Senate
NPR's Diane Rehm got a list from her researchers, which misidentified Sen. Bernie Sanders (I/D-Vt.) as holding Israeli citizenship, and made the assertion in an interview with Sanders before being corrected by him.
Diane Rehm: Senator, you have dual citizenship with Israel. Bernie Sanders: Well, no I do not have dual citizenship with Israel. I'm an American. I don't know where that question came from. I am an American citizen, and I have visited Israel on a couple of occasions. No, I'm an American citizen, period. Rehm: I understand from a list we have gotten that you were on that list. Sanders: No. Rehm: Forgive me if that is— Sanders: That's some of the nonsense that goes on in the internet. But that is absolutely not true. Rehm: Interesting. Are there members of Congress who do have dual citizenship or is that part of the fable? Sanders: I honestly don't know but I have read that on the internet.
The Jewish Journal found one list claiming to be of dual U.S.-Israeli citizens in Congress laden with anti-Semitic phrases and graphics. Rehm says she got the claim from a Facebook comment—a stunning lack of reporting effort from any broadcaster, let alone at an outlet that holds itself in as such high regard as NPR. The typical list purporting to be of U.S.-Israeli citizens in Congress usually just lists Jewish members of Congress. Writing in Counterpunch, L. Michael Hager reports his efforts to find data on dual citizens in Congress was fruitless, and that the Congressional Research Service didn't collect such information. Editorializing against the concept of dual citizenship—permitted in the U.S. only since 1967—the Los Angeles Times reports that there is no definitive tally on the number of dual citizens in the U.S., but that such people can be denied sensitive jobs in government.
The accusation that Sanders is a dual citizen stems from the anti-Semitic view that Jews in Congress must be loyal to Israel too, and that this—and not the U.S.'s decades-long relationship with Israel based on that country's long-held status as the only Western-style democracy in the region—was the reason for the apparent disconnect between the pro-Israeli stance of politicians in Washington and the general public. Despite being the darling of a sometimes anti-Semitic and almost always anti-Israeli or "anti-Zionist" far left, Bernie Sanders has been a fairly stalwart supporter of the U.S.-Israeli relationship.
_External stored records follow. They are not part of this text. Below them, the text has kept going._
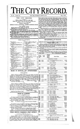 The City Record newspaper publishes notices which includes but is not limited to: public hearings and meetings, public auctions and sales, solicitations and awards and official rules proposed and adopted by city agencies. This is the City Record Newspaper for March 12, 1913 with supplement.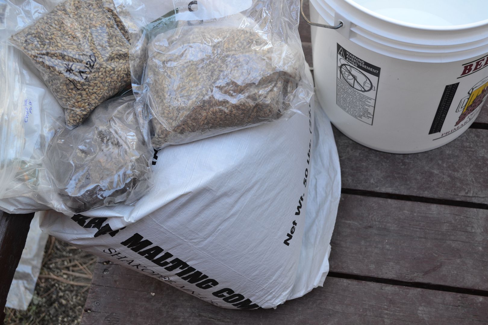 Grain together for a batch... my main 2-row Barley and some specialty grains for more flavor and color. I was making a Brown Ale.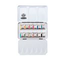 ACADEMY Watercolor box with 12 half cups from Schmincke in a top quality for beginners and advanced painters A high-quality and professional metal box with a metal ring on the bottom for a firm hold in the hand. Inside the box is a metal palette for mixing the colors, which also serves as a cover for the colors. This handy watercolour box is also ideal for travelling and holidays.
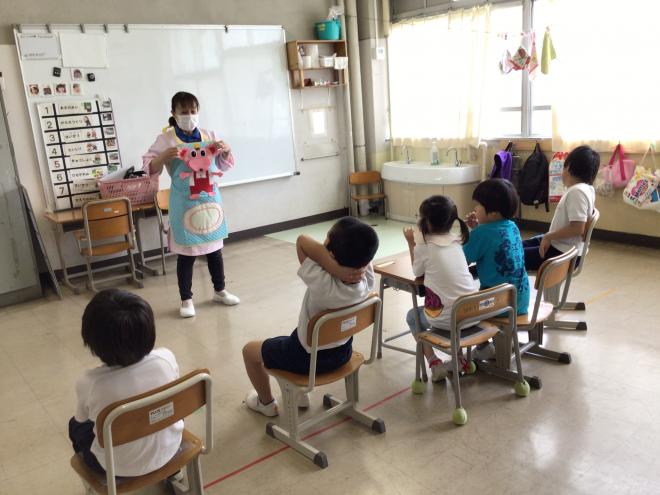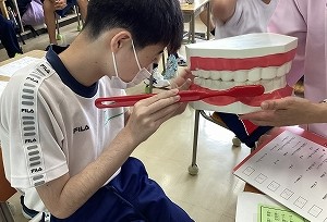 6月1日、歯科保健指導をしました。歯科衛生士さんがみんなの虫歯がないか確認したり、歯の磨き方を教えたりしました。クイズに答えたり、模型と歯ブラシで歯を磨いたりしました。歯を健康に保ちたいです!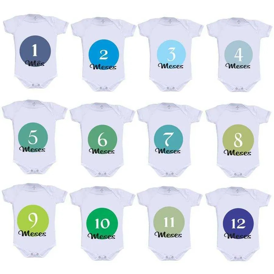 O Kit Mesversário contém 12 bodies, ideal para comemorações, fazer sessão fotográfica e participar, mês a mês, da evolução dos bebês.

It led to a Q&A on Gaza at one town hall that included a woman yelling "fuck Israel" and Sanders telling constituents to "shut up." Sanders' decision to skip Israel Prime Minister Benjamin Netanyahu's address to Congress reflects more on how Netanyahu's polarized himself in American politics than a shift in Sanders—or any boycotting politician's—general stance. American socialist groups like Socialist Worker have been rejecting Sanders as a socialist, in part for his stance on Israel, for years.
So far, Sanders has focused on economic populism almost exclusively. His campaign launch speech last month had little to say about foreign policy, and even ignored the issue of police violence completely. This despite Sanders having little new to say about economics he hasn't been saying for forty years, when it was the Rockefellers threatening to "take over" America, and that hasn't been disproved over and over since then. He probably has nothing new to say about foreign policy or civil liberties at home either.